2-GPU launcher defaults (run_rats_2gpu.sh)

Configured for this box (2× RTX 6000 Ada, 48 GB each, no NVLink):

  • PYTHON_BIN=/home/suiqk/anaconda3/envs/scalerag-ts-v4/bin/python
  • MODEL_PATH=/mnt/share01/sqk/models/qwen2.5-vl-7b-instruct (7B)
  • TP=2 (vLLM splits the 7B across both cards), GPU_MEM_UTIL=0.4, MICRO_BSZ=2

7B memory reality on 2×48 GB: full-parameter fine-tuning will not fit without offload. Two working recipes:

# (a) recommended — LoRA (comfortable on 48 GB):
LORA_RANK=16 bash example/timerpo_trainer/run_rats_2gpu.sh

# (b) full-FT with CPU offload (slower; uses the box's 251 GB RAM):
PARAM_OFFLOAD=True OPTIM_OFFLOAD=True bash example/timerpo_trainer/run_rats_2gpu.sh

The env has vLLM 0.8.5 → veRL uses its native SPMD path (vllm_version=None), so the LoRA weight sync goes through model.load_weights (guarded so gathered full tensors and sharded DTensors both work).
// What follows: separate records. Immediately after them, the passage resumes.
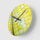O Corn Wall Clock tem a imagem de um autêntico milho fresco no berço. A foto brilhante e ousada foi tirada no mercado de um agricultor local.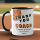 Bola Moderna de Basquete Obrigado Treinador Mug. Esta caneca personalizada para treinador tem bolas de basquete. caneca de manutenção do excelente para agradecer aos treinadores desportivos, treinadores da equipe segundo grau, treinadores de mãe ou pai, etc. Personalize qualquer texto na caneca. Adicione o nome do treinador, o nome da equipe e o ano.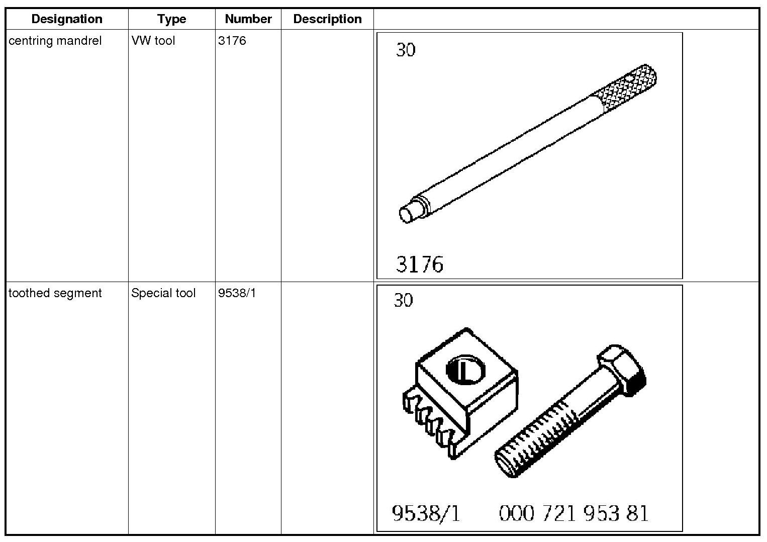 Position special tool toothed segment 9538/1 ( -1- ) for countering at the starter ring gear.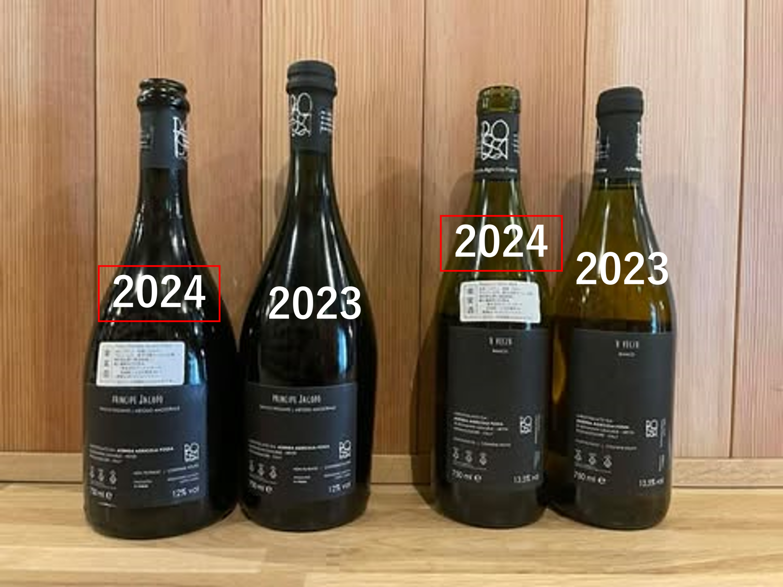 今回届いたプリンチペ ヤコポ&ウ ヴェチウ2024VTのワインのロット番号が、なんと2023VTのロット番号と全く同じ表記…! ハイディに確認したところ、中身はちゃんと2024VTのワインということでしたので、そのままリリースすることにしました!とはいえ、ロット番号もエチケットも全く一緒(瓶の形は微妙に違いますが)なので、この2アイテムは見分けが付くように輸入者シールを2024VTは変更しています!詳細は下の画像をご参考に!!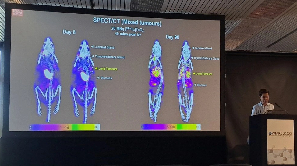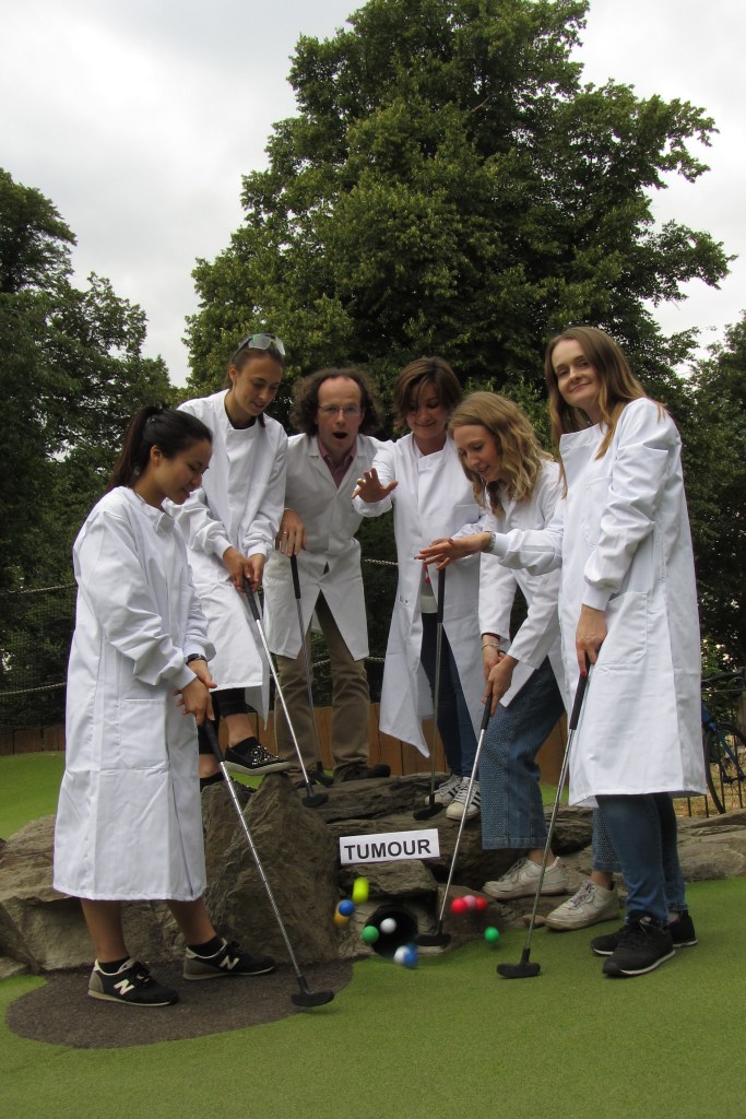 Our team trying to trace therapeutic cells to a nasty tumour near Central London on a typical British summer day.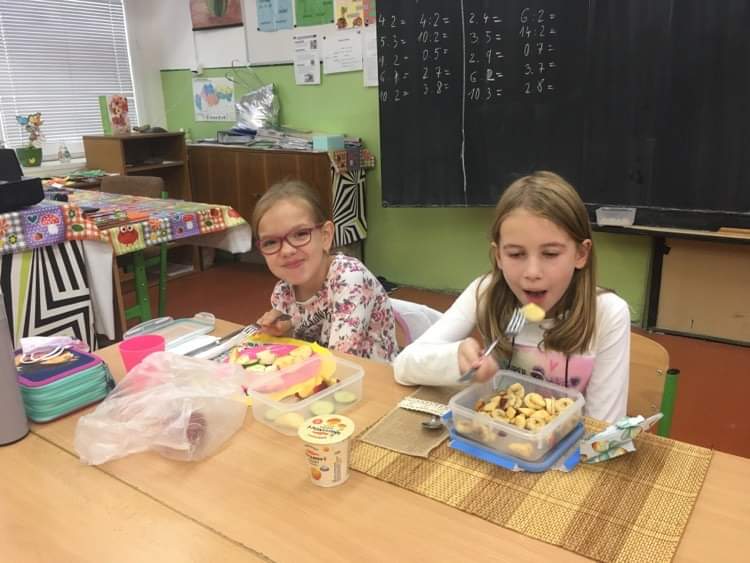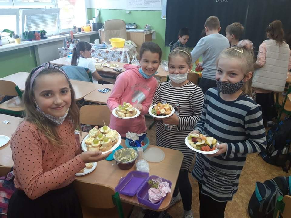 Takýmito slovami sme sa riadili v týždni od 11.10 do 15.10.2021, ktorý bol zameraný na kreatívne a inovatívne nápady na vzdelávanie v oblasti potravín a výživy. Žiaci sa vo výtvarných prácach zameriavali na obilniny, cestu zemiaka či chlebíka. Nechýbala potravinová pyramída. Ovocie predstavili vo svojich referátoch, či priamo na tanieri. Ochutnávali a pripravovali rôzne nátierky. Vyhlásenú dennú tému Jedz, hýb sa a dodržiavaj pitný režim sme spojili so štafetovým behom, ktorý absolvovala celá škola. Za splnené úlohy boli žiaci odmenení diplomom a sladkosťou.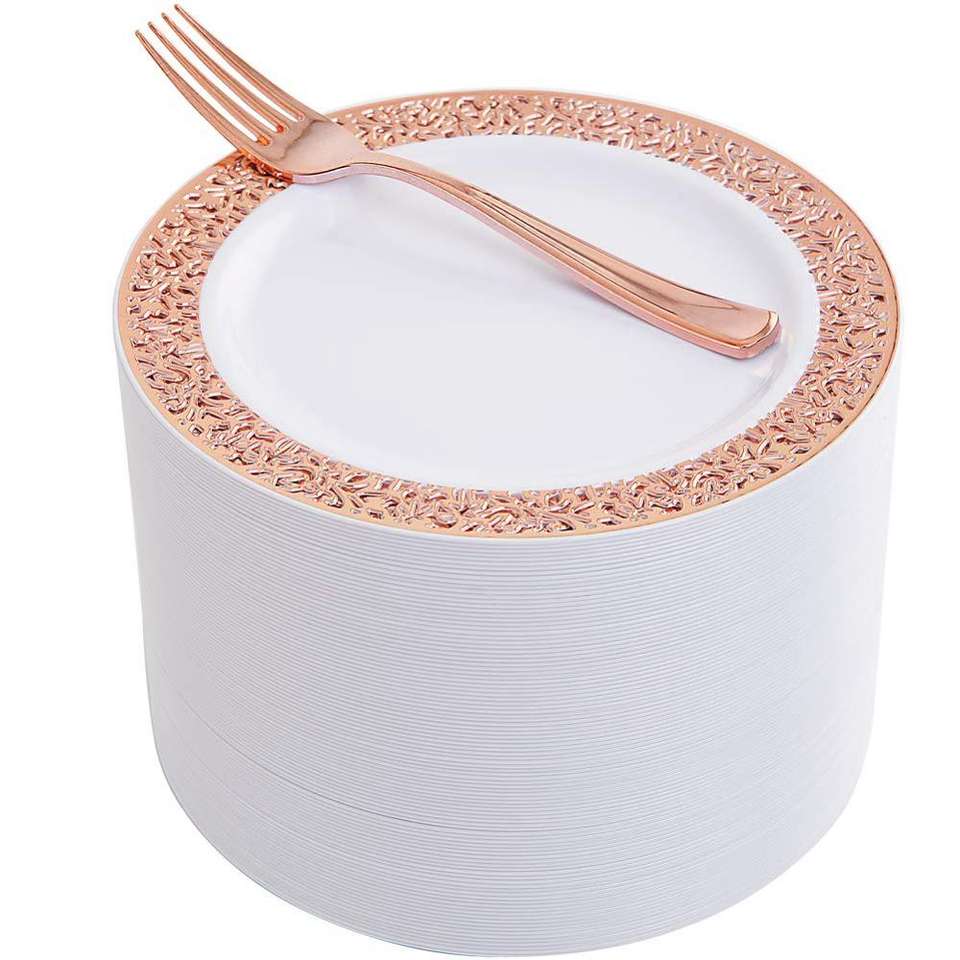 Service de vaisselle en dentelle comprenant 50 assiettes plates + assiettes à salade + tasses + serviettes + fourchettes + cuillères + couteaux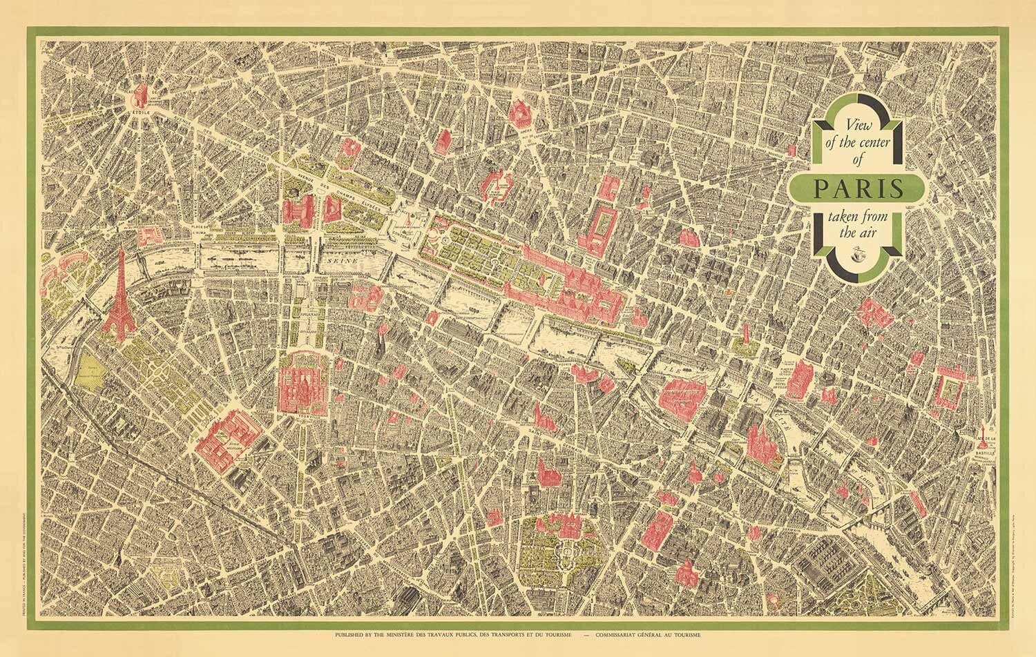 Ah, la plus belle carte jamais faite de Paris, mis en place par Georges Peltier en 1950. Il s'agit d'une carte des oiseaux-eye de Paris, ou que la carte indique, une vue sur le centre de Paris tirée de l'air ».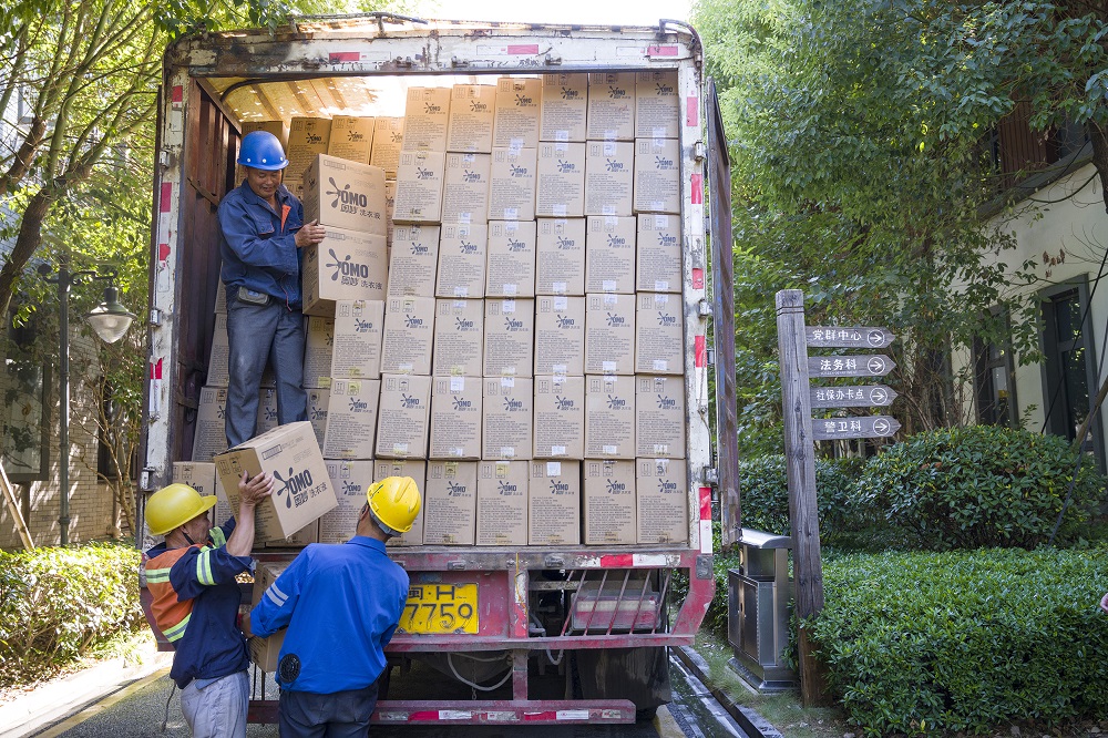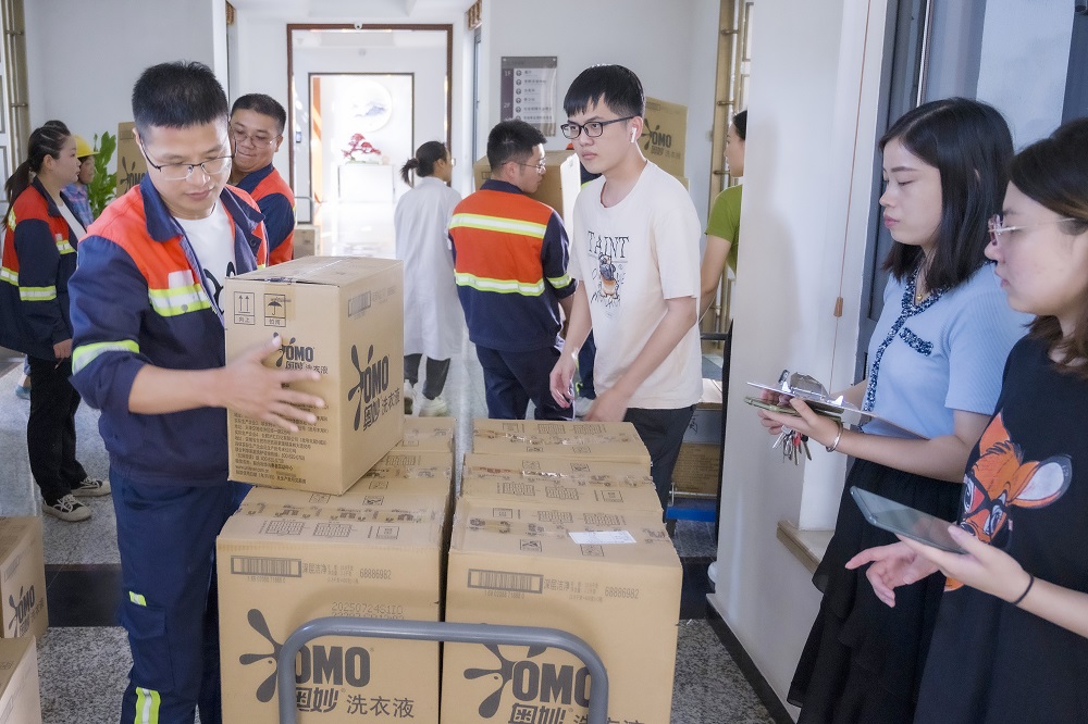 8月9日上午,滿載高溫福利的卡車駛?cè)肭嗤貓@區(qū),一箱箱承載著集團“親切關(guān)懷”的物資有序卸下。在各部門的幫助下,800余箱貨物在上午11時左右全部分配轉(zhuǎn)運完畢。本次高溫福利包括洗衣液、沐浴露等日常用品。員工們臉上洋溢著喜悅的笑容,紛紛向公司表示感謝。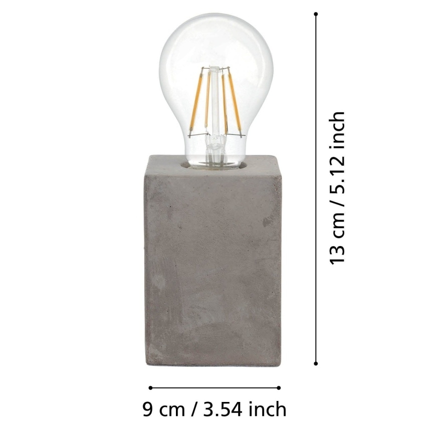 Stolní lampa PRESTWICK 49812 zaujme minimalistickým designem s nádechem industriálního stylu. Její základna ve tvaru šedé keramické kostky připomínající beton vytváří originální a moderní vzhled. Lampa je navržena pro volně stojící žárovku, což jí dodává jedinečný charakter. Díky svému jednoduchému a rustikálnímu provedení se hodí do různých prostor – ložnice, obývacího pokoje, jídelny či předsíně. Ovládání je snadné pomocí praktického vypínače na kabelu. Žárovka není součástí balení, což vám umožňuje vybrat světelný zdroj dle vlastních preferencí.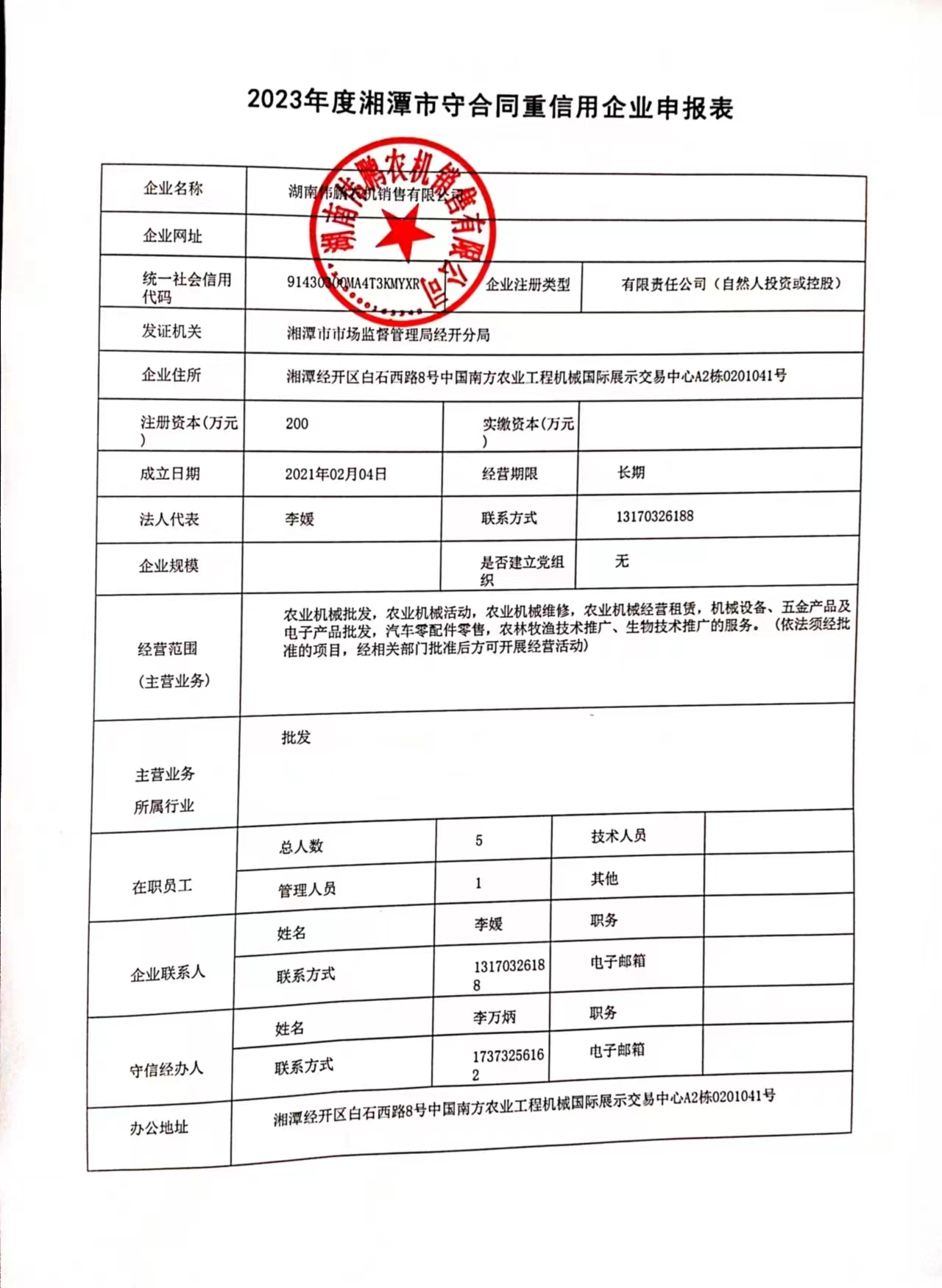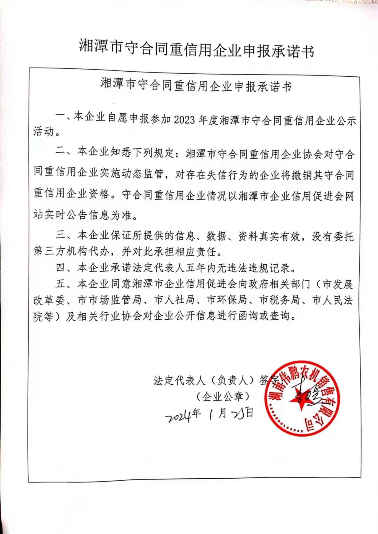 本企業(yè)根據《湘潭市守合同重信用企業(yè)申報規(guī)定》等編制 2023 年度企業(yè)信用報告書,并保證本報告書內容真實、準確、完整。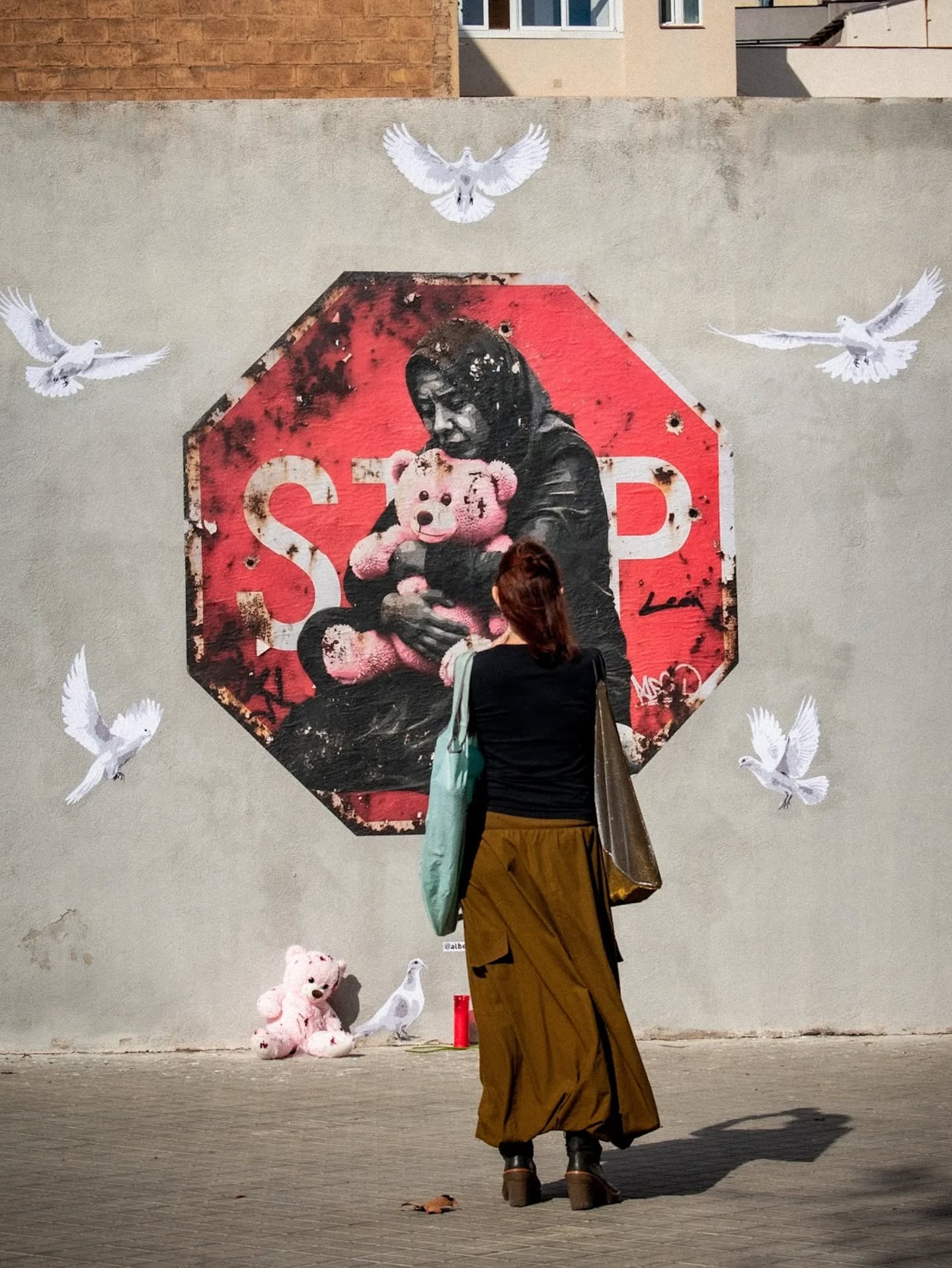 Este mural habla del silencio que queda cuando la guerra se detiene, pero el dolor persiste.

Ensure ray/vLLM/peft/flash-attn are importable in scalerag-ts-v4 (verified: torch 2.6, vLLM 0.8.5, peft 0.14, flash-attn 2.7.1, ray 2.55).

Notes / knobs

  • Taxonomy: full 15-class Time-RA taxonomy (not AnomSeer's 5-class). To change reward weights, edit the final_score line in verl/utils/reward_score/rats.py.
  • Prompt length: the 15-class prompt + an 800×300 figure is ≈ 0.4k tokens, comfortably under data.max_prompt_length=1024.
  • Localization: intentionally dropped (no GT intervals in the data). If GT intervals are added later, switch data_source back to timeseries_anol.